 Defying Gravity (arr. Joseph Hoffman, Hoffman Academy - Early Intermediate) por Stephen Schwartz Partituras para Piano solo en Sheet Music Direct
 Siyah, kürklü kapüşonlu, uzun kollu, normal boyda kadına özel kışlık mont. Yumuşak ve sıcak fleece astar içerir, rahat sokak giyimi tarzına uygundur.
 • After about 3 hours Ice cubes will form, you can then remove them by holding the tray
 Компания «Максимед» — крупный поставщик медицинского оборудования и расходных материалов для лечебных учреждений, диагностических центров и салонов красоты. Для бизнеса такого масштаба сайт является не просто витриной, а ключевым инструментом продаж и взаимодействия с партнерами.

--

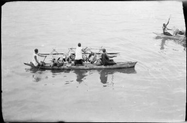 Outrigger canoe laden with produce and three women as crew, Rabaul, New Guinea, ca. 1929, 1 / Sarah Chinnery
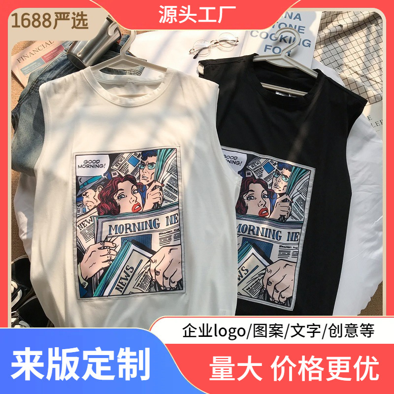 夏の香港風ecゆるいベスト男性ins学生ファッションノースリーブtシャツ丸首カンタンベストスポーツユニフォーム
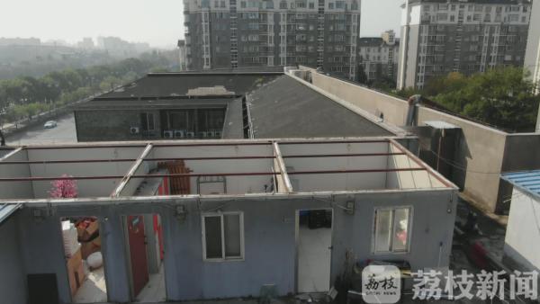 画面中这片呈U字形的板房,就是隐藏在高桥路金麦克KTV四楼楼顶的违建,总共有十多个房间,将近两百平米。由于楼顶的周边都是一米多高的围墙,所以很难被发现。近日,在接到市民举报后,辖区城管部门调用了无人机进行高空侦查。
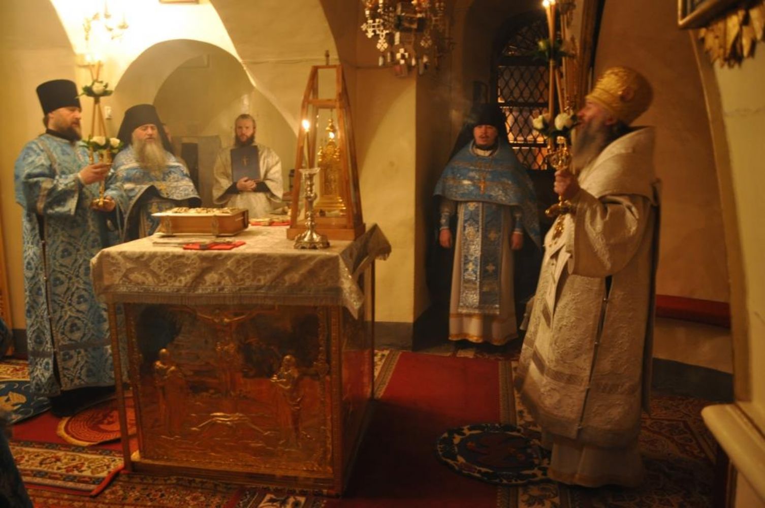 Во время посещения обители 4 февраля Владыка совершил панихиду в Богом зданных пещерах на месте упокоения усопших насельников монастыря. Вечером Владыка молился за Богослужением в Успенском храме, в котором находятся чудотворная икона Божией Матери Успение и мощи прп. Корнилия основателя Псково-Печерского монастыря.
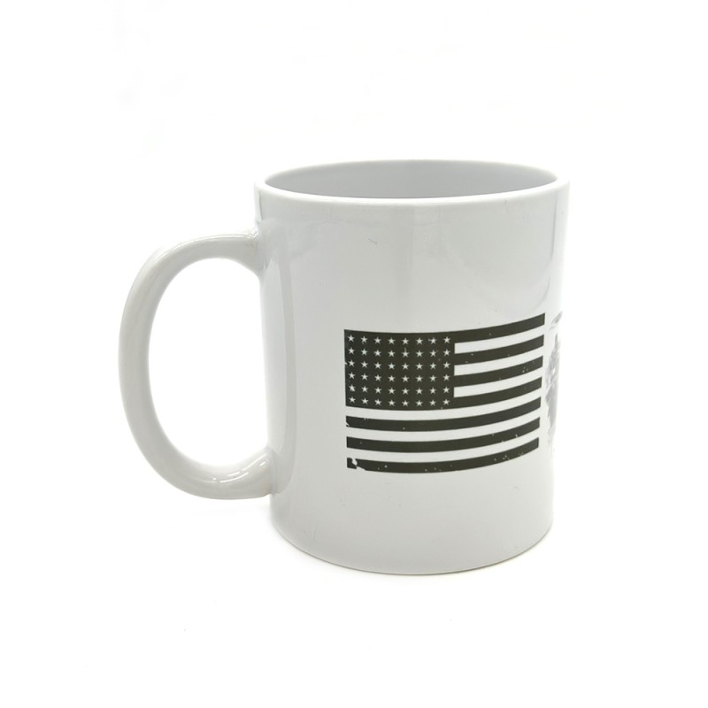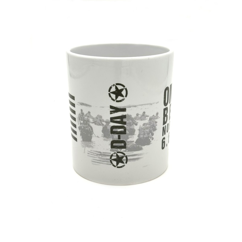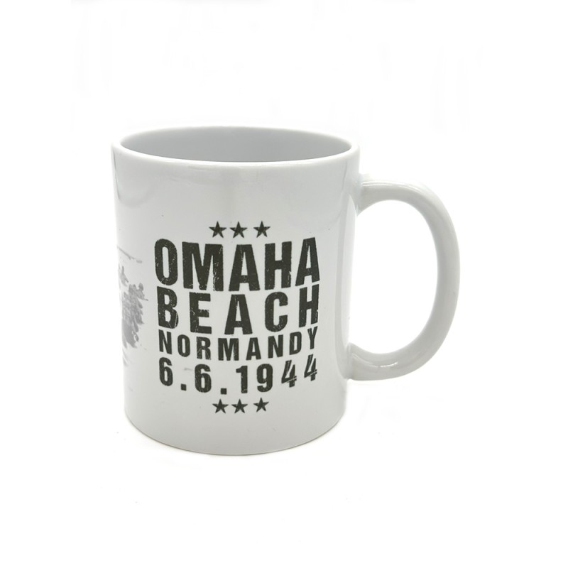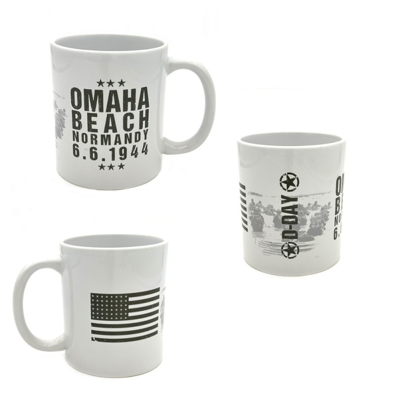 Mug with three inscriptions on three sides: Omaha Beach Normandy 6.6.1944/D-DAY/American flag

:: WORK REQUEST ::
Begin with the line that has "Defying Gravity (arr." in the listing above and end after the line that has "взаимодействия с партнерами."; output those lines exactly.

:: SOLUTION TO THIS PROBLEM ::
 Defying Gravity (arr. Joseph Hoffman, Hoffman Academy - Early Intermediate) por Stephen Schwartz Partituras para Piano solo en Sheet Music Direct
 Siyah, kürklü kapüşonlu, uzun kollu, normal boyda kadına özel kışlık mont. Yumuşak ve sıcak fleece astar içerir, rahat sokak giyimi tarzına uygundur.
 • After about 3 hours Ice cubes will form, you can then remove them by holding the tray
 Компания «Максимед» — крупный поставщик медицинского оборудования и расходных материалов для лечебных учреждений, диагностических центров и салонов красоты. Для бизнеса такого масштаба сайт является не просто витриной, а ключевым инструментом продаж и взаимодействия с партнерами.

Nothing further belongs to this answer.